→ **Extracted information**:
= Beginning of Section =
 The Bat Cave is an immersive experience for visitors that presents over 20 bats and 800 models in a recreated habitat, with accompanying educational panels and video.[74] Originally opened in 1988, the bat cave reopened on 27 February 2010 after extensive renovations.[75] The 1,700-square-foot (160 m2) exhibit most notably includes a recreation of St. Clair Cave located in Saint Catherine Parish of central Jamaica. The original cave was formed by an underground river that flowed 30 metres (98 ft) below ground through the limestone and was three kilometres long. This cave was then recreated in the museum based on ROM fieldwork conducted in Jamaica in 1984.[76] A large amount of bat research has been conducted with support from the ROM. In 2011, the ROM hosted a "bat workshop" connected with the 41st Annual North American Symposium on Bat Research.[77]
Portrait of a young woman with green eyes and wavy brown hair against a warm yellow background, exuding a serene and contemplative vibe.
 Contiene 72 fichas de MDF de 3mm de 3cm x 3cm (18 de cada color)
= End of Section =
= Beginning of Section =
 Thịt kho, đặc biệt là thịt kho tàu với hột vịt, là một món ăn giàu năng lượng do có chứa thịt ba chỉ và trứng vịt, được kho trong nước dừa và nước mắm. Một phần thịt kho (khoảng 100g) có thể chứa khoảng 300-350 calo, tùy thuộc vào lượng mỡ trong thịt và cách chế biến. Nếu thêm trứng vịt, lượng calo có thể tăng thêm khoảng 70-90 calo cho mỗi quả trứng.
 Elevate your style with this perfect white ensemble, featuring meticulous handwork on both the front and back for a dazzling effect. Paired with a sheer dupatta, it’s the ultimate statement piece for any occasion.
= End of Section =
= Beginning of Section =
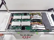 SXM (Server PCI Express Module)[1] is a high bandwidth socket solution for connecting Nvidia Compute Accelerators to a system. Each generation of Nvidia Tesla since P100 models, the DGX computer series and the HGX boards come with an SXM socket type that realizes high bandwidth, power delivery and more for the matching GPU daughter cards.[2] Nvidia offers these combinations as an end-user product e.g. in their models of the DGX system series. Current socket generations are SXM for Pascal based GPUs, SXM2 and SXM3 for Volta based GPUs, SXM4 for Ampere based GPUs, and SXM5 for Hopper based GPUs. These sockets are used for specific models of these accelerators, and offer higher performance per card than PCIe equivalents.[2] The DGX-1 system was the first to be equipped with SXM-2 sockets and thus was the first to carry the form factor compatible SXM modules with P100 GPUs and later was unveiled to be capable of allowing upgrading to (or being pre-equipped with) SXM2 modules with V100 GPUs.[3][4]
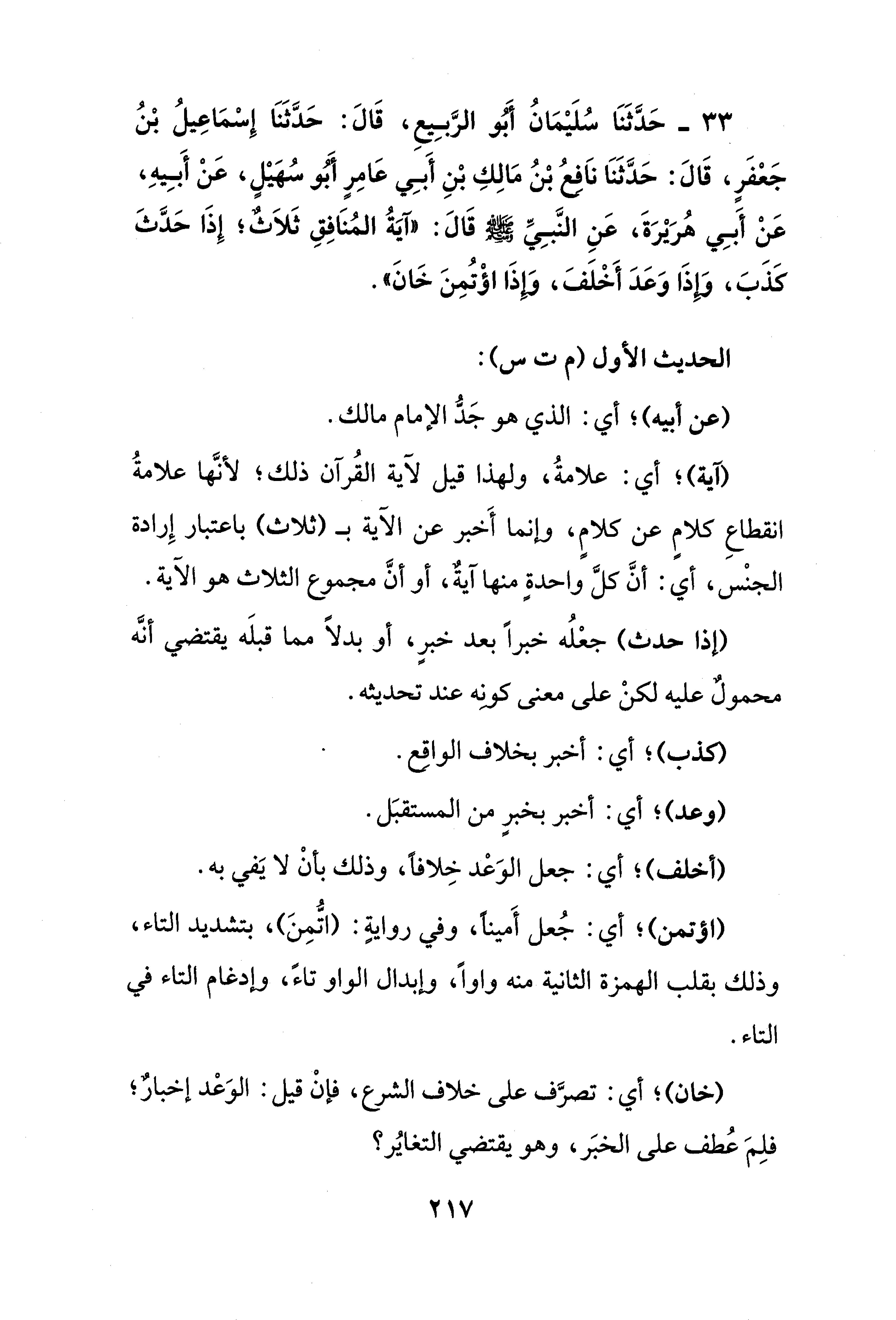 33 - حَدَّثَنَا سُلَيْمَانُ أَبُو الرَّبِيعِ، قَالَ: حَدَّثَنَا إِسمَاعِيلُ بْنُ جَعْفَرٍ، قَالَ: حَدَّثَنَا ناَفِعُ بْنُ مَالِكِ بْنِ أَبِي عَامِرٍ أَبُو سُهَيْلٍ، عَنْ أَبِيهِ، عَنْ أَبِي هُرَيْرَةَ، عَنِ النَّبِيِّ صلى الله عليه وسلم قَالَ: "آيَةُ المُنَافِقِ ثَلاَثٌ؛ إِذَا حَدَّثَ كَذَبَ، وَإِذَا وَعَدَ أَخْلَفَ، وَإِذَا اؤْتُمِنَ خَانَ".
= End of Section =
→ **Task to complete**: Your answer should be the exact lines above from the one with "Portrait of a" through the one with "Contiene 72 fichas", both included, and nothing besides.

→ **Worked solution**:
Portrait of a young woman with green eyes and wavy brown hair against a warm yellow background, exuding a serene and contemplative vibe.
 Contiene 72 fichas de MDF de 3mm de 3cm x 3cm (18 de cada color)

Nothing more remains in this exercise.